=== About this exercise ===
Could you copy exactly the lines below from the one with "新晨客戶服務(wù)中心普及" to the one with "Chromatic Cascade, An", inclusive, leaving out any pictures?

[Data provided — start]

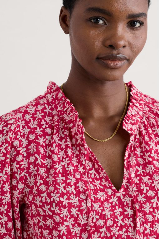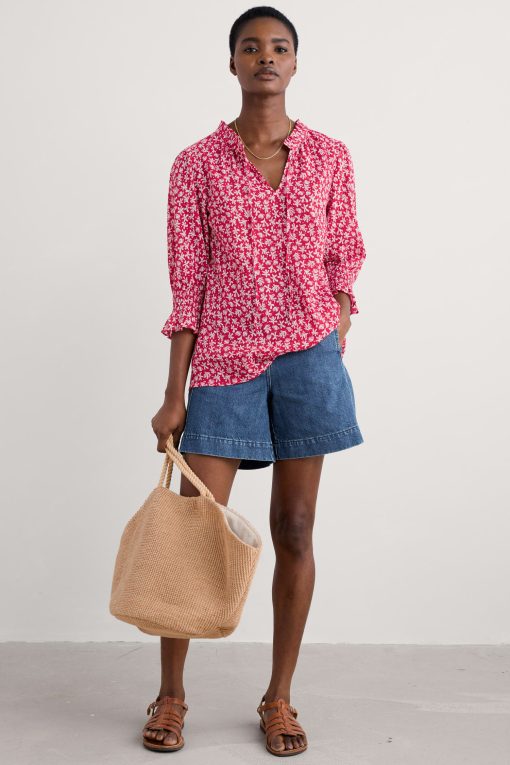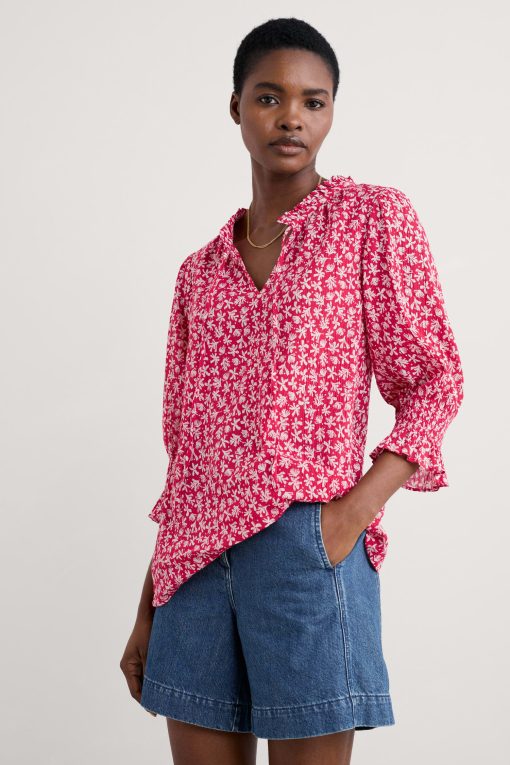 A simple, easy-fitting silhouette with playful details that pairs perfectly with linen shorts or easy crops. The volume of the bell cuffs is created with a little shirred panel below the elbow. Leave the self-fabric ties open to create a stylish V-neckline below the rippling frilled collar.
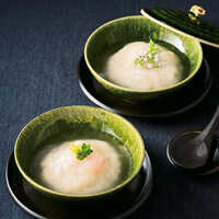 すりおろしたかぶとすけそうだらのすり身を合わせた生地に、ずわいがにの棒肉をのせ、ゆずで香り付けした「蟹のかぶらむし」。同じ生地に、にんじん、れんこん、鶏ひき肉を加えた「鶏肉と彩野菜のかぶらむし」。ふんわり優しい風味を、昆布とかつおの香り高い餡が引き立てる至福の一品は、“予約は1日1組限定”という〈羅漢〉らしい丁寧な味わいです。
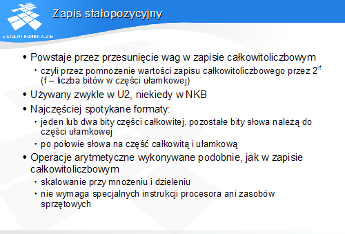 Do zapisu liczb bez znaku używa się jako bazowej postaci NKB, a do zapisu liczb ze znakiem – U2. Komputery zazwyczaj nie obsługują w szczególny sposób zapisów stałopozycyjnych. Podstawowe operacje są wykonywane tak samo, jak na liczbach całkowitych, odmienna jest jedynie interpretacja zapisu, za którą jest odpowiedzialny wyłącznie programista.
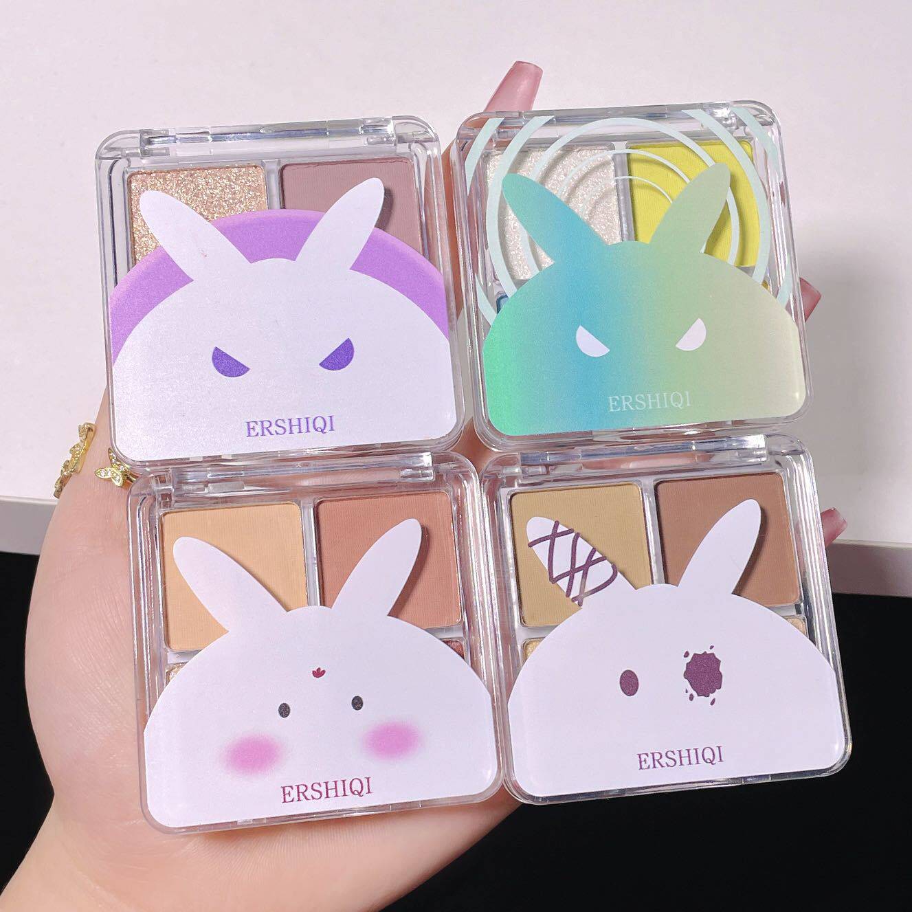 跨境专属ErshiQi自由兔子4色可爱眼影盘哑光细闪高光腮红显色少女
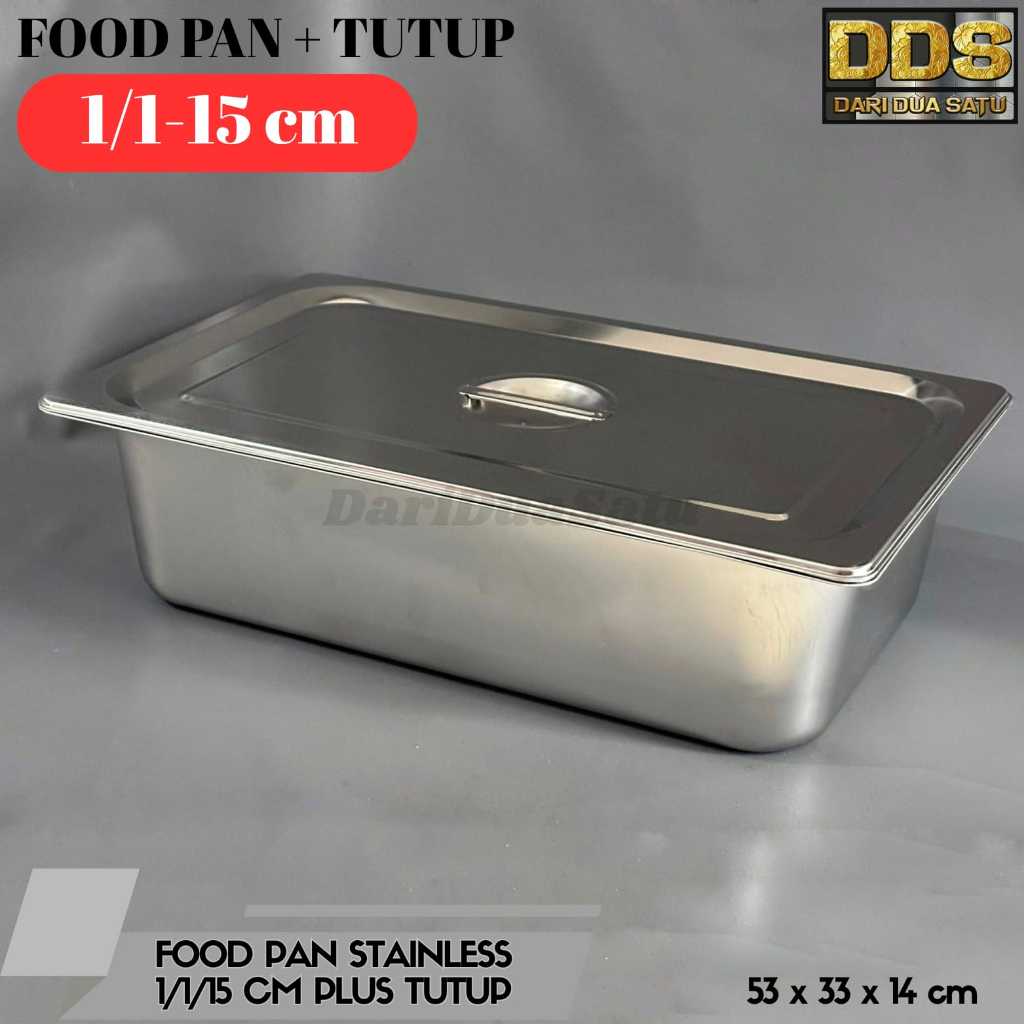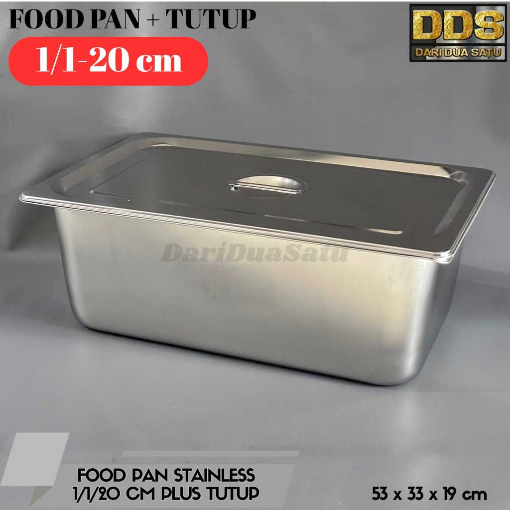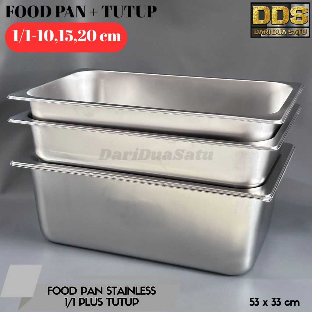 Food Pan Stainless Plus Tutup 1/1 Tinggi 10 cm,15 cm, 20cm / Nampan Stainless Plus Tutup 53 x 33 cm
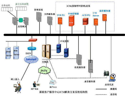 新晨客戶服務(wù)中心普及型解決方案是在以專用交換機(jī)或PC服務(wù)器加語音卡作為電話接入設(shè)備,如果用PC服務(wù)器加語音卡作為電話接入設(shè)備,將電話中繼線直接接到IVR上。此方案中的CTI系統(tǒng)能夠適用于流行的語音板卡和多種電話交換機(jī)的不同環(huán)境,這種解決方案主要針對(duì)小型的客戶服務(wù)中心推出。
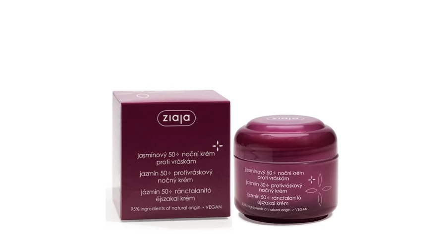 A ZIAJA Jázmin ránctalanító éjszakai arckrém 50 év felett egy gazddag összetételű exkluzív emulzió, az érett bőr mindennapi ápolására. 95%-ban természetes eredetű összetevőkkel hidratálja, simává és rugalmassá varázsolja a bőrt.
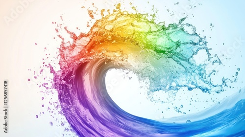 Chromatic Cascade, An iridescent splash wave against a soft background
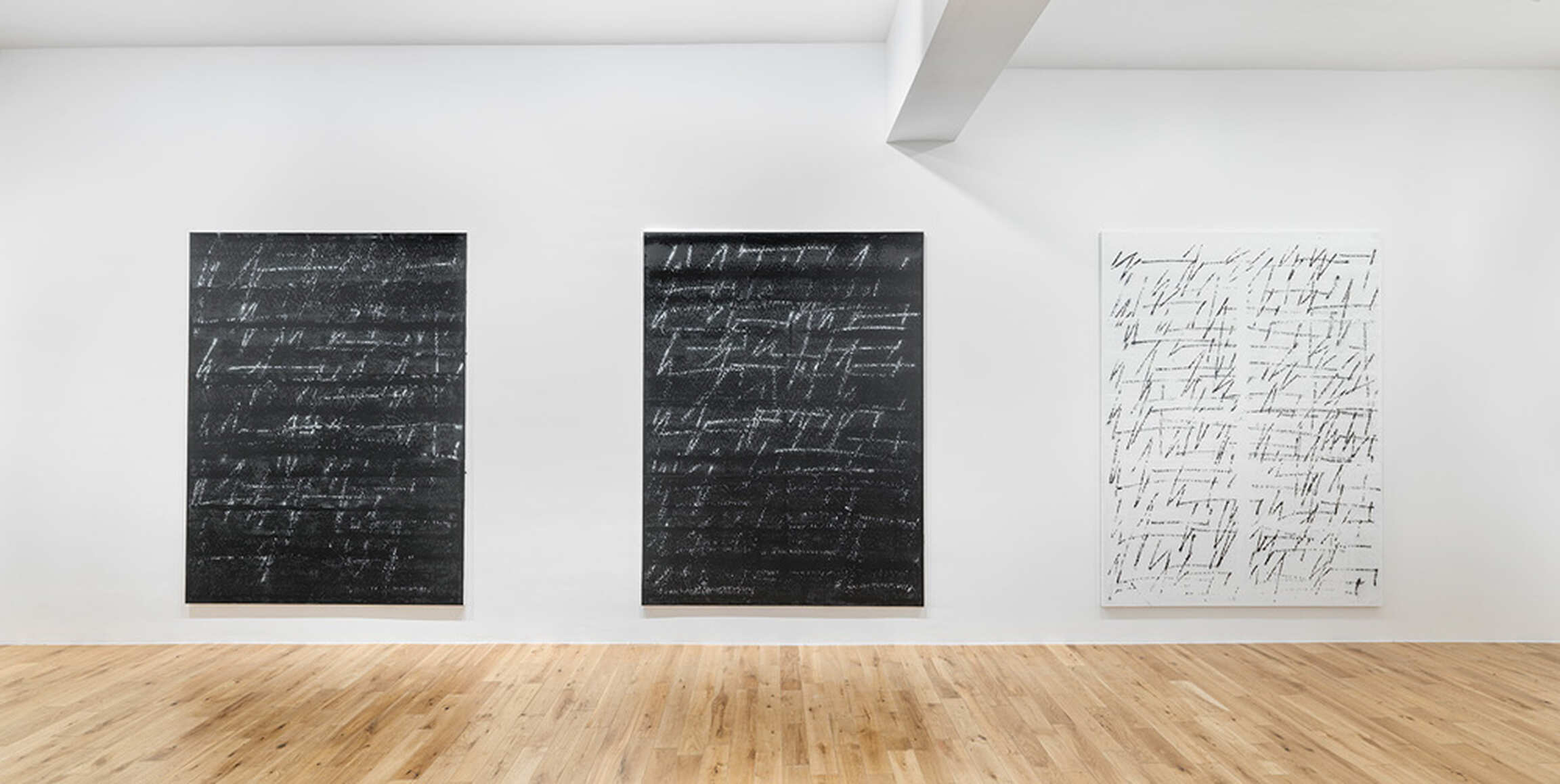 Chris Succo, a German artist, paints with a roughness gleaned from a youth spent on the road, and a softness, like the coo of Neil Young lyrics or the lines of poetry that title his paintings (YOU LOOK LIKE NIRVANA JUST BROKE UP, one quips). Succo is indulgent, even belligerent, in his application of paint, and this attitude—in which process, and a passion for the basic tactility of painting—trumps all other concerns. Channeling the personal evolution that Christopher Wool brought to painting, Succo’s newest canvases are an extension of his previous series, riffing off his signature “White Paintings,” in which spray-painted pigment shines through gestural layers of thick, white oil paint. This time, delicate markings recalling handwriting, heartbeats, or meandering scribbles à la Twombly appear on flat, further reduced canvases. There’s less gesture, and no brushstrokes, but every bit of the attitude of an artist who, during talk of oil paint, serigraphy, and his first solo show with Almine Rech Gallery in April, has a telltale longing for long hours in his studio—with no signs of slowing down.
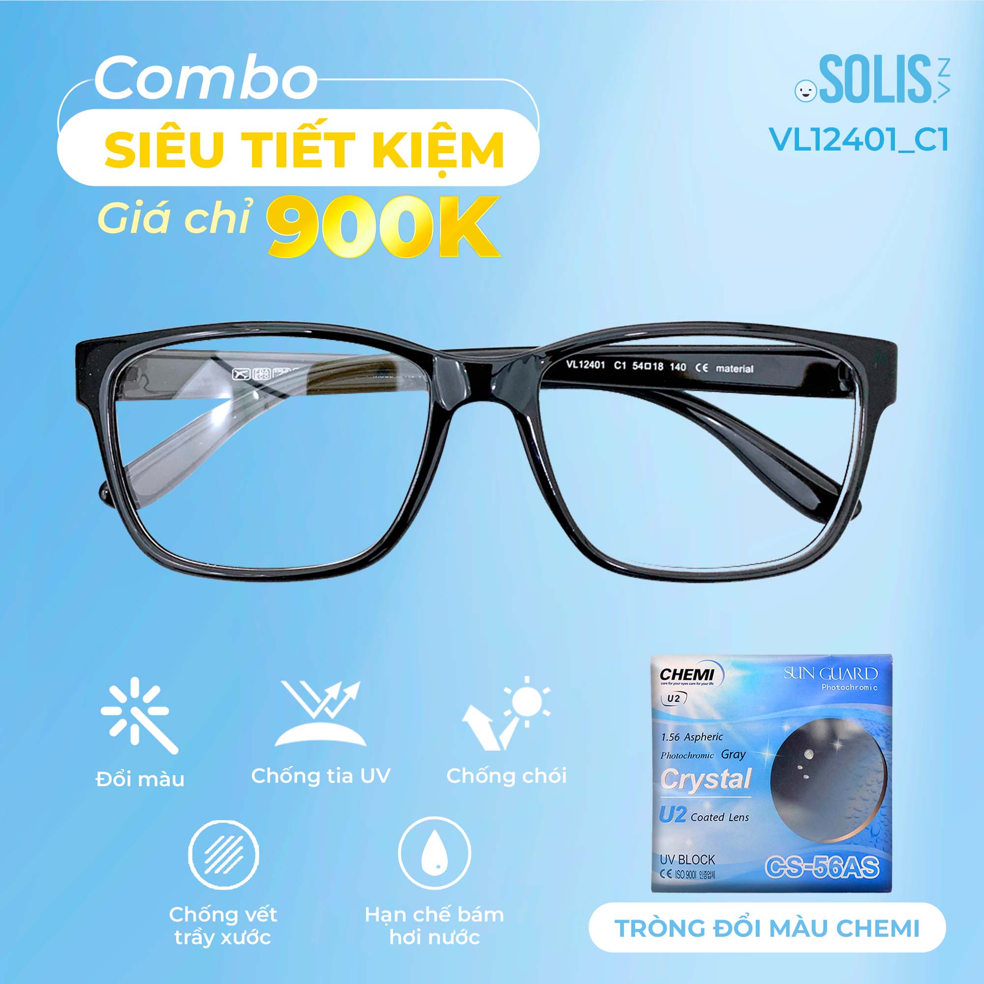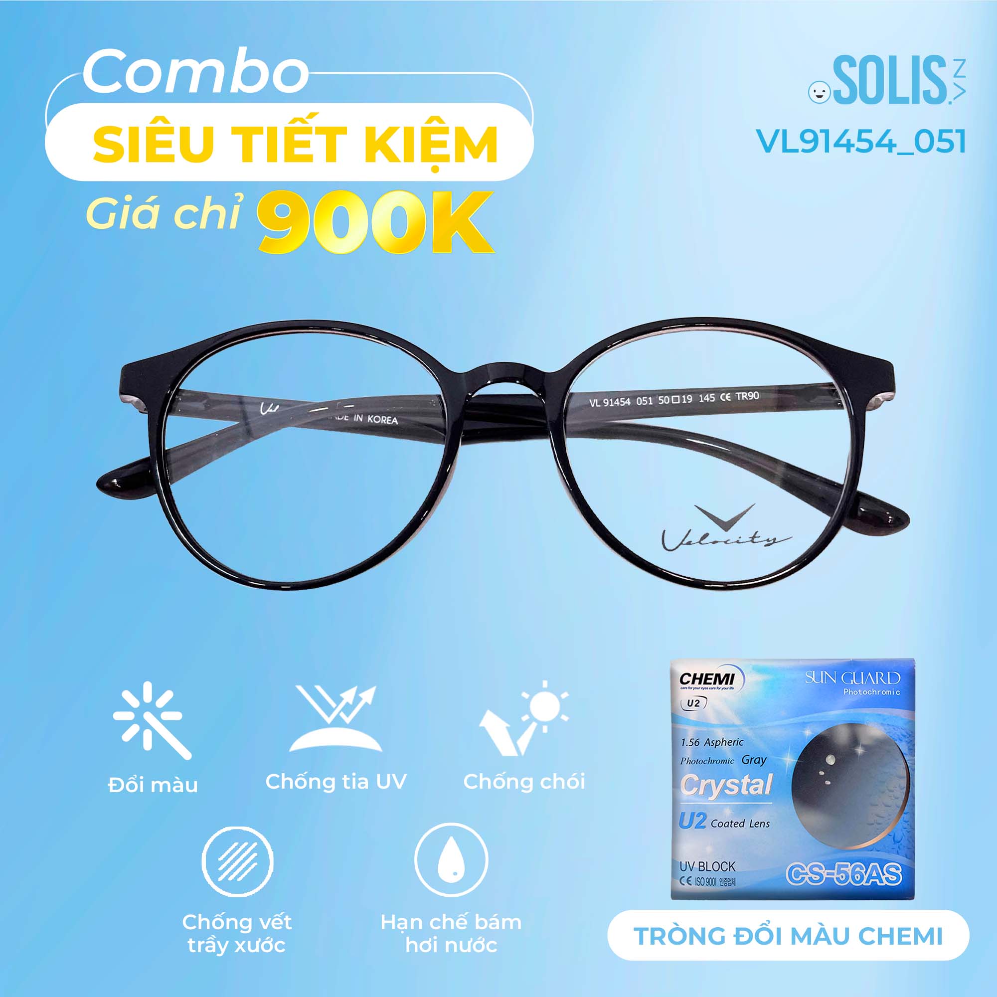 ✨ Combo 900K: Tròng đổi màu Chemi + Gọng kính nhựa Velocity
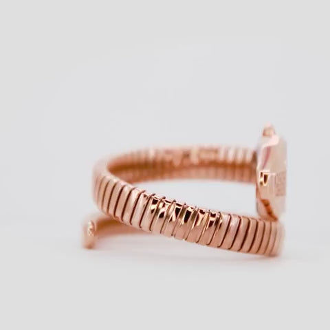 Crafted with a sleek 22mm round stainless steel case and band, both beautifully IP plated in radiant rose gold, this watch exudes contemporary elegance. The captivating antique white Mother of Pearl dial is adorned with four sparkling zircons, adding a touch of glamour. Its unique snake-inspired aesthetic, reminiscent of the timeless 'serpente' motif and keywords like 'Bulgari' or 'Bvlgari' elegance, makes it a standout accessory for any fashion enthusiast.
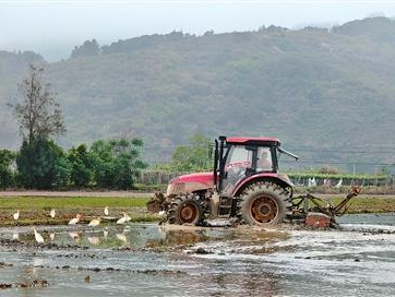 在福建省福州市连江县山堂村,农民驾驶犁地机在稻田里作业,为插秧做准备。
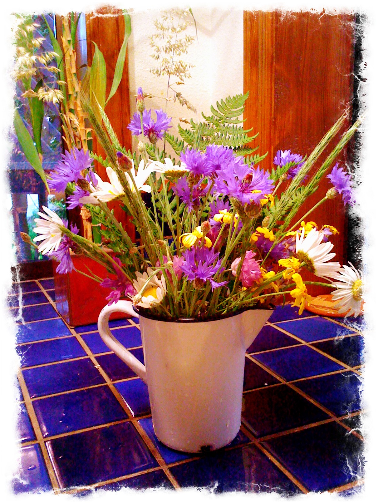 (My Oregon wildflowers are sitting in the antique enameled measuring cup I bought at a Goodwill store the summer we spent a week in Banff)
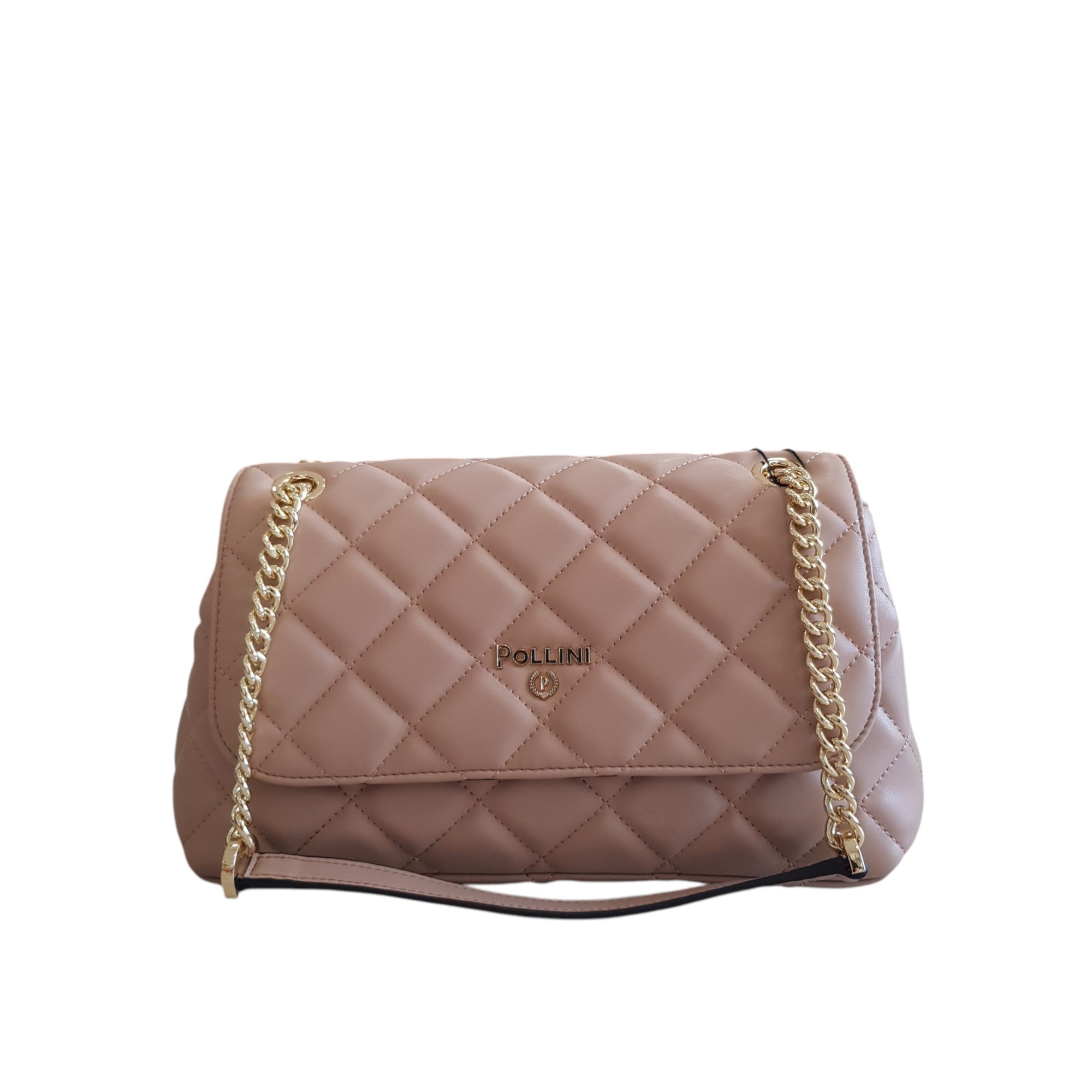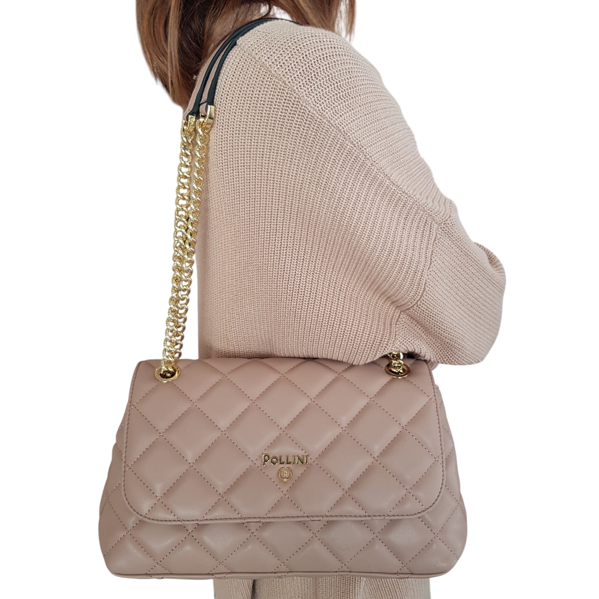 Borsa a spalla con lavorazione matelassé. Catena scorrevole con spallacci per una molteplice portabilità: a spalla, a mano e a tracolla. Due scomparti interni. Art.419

[Data provided — finish]

=== Answer section ===
 新晨客戶服務(wù)中心普及型解決方案是在以專用交換機(jī)或PC服務(wù)器加語音卡作為電話接入設(shè)備,如果用PC服務(wù)器加語音卡作為電話接入設(shè)備,將電話中繼線直接接到IVR上。此方案中的CTI系統(tǒng)能夠適用于流行的語音板卡和多種電話交換機(jī)的不同環(huán)境,這種解決方案主要針對(duì)小型的客戶服務(wù)中心推出。
 A ZIAJA Jázmin ránctalanító éjszakai arckrém 50 év felett egy gazddag összetételű exkluzív emulzió, az érett bőr mindennapi ápolására. 95%-ban természetes eredetű összetevőkkel hidratálja, simává és rugalmassá varázsolja a bőrt.
 Chromatic Cascade, An iridescent splash wave against a soft background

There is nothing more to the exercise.